Has the time finally come when overheated real estate markets in Canada pose a real threat to profit growth at Canada’s big banks?

Increasingly, experts across the country are saying “Yes.”  Residential mortgages make up a huge portion of banks’ loans outstanding, and for years have kept domestic retail banking profit growth humming along. But higher interest rates or a real-estate slowdown, experts told BNN this week, could change that.

Andrew Pyle of Scotia Wealth said he’s certain we’ll see some level of real estate stress on the banks over the next year or so.

“The question of whether higher interest rates impact Canada’s housing market in a negative way is not a question of if, but a question of when,” he said in an interview on Monday.

The banks themselves are growing wary of sky-high real estate values in Toronto and Vancouver.

Consider Greg Bonnell’s interview with Brian Porter, chief executive officer of Bank of Nova Scotia, on Tuesday.

“It’s not healthy. It’s not sustainable,” Porter said of soaring house prices in the two cities. “There’s a bit of an aberration here.”

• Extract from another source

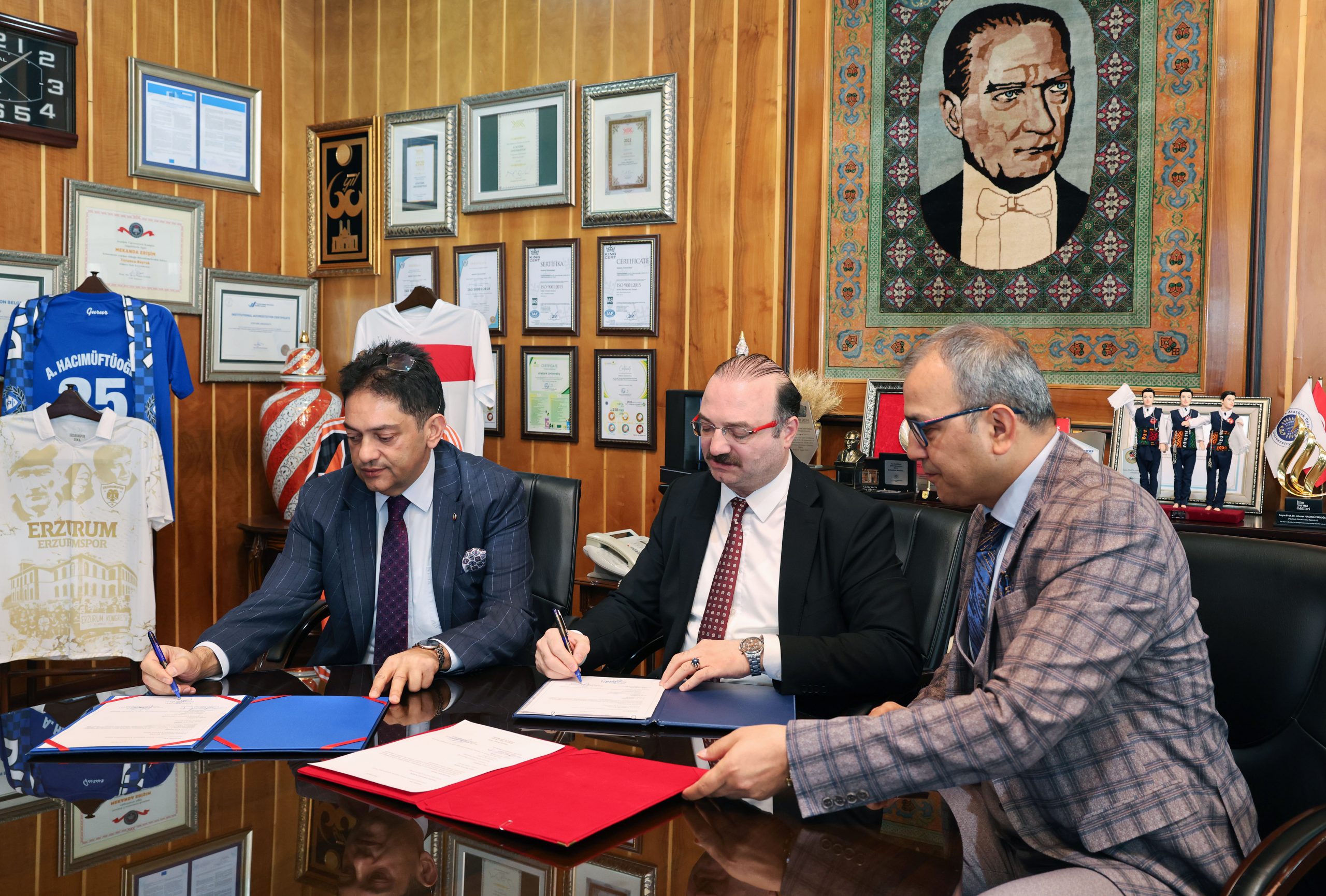 Dezavantajlı bireylerin toplumsal yaşama kazandırılması ve istihdam olanaklarının artırılması amacıyla Atatürk Üniversitesi, Erzurum Cumhuriyet Başsavcılığı ve Erzurum Ticaret Borsası (ETB) arasında önemli bir iş birliğine imza atıldı. “Dezavantajlı Grupların Hizmet Sektörüne Kazandırılması Projesi” kapsamında hazırlanan protokol; Atatürk Üniversitesi Rektörü Prof. Dr. Ahmet Hacımüftüoğlu, Erzurum Cumhuriyet Başsavcısı Adem Aydemir ve Erzurum Ticaret Borsası Yönetim Kurulu Başkanı Hakan Oral’ın katılımıyla imzalandı.

The importance of residential mortgages to banks’ bottom lines cannot be overstated.  Consider the most recent results from Royal Bank of Canada and Toronto-Dominion Bank.   At Royal, $246 billion was outstanding in residential mortgages during the fiscal second quarter; that’s 46 per cent of the value of all loans and acceptances at Royal.  At TD, the figure is 47 per cent.

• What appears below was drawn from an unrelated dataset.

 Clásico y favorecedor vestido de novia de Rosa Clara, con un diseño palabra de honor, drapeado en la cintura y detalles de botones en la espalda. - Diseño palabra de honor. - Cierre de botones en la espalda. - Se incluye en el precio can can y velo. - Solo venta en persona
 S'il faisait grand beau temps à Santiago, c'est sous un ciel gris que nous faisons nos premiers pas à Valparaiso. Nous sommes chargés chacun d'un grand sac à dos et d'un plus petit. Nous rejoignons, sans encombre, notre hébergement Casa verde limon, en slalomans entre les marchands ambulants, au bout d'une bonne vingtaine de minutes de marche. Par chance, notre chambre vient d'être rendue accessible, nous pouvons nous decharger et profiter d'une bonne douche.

“I think investors should be cognizant of the fact that about fifty per cent of the loans on the industry’s balance sheet is residential real estate secured between insured, uninsured and HELOCs (home equity lines of credit),” said Sohrab Movahedi, the banking analyst at BMO Capital Markets, who characterized the banks’ loan growth as “breathtaking” and “unhealthy.” 

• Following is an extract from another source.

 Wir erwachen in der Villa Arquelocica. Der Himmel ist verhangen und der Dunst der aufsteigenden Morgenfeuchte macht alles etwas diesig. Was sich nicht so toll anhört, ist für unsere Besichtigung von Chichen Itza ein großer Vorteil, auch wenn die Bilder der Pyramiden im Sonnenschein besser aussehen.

But the worry is not that large numbers of those mortgages will be written off as bad loans. Losses booked on Canadian mortgages at the banks are tiny - $10 million at Royal and $3 million at TD in the most recent quarter.  Bank chief financial officers use the word “de minimis” to describe numbers like that.

The concern is higher rates will scare away would-be homebuyers, causing loan demand to fall. That would hurt profit growth in the crucial Canadian retail banking businesses at the banks. 

The mortgage businesses are “obviously a fairly profitable source of earnings and revenue for the banks,” said Movahedi, when I spoke to him on Thursday morning.

Pyle sees it the same way.

“When interest rates rise, margins for the banks will improve, but not enough to make up for the drop in consumer and mortgage loans,” he told BNN.

“If that were to happen, you take away a key pillar we saw in last week’s earnings – that’s resilience in domestic lending.”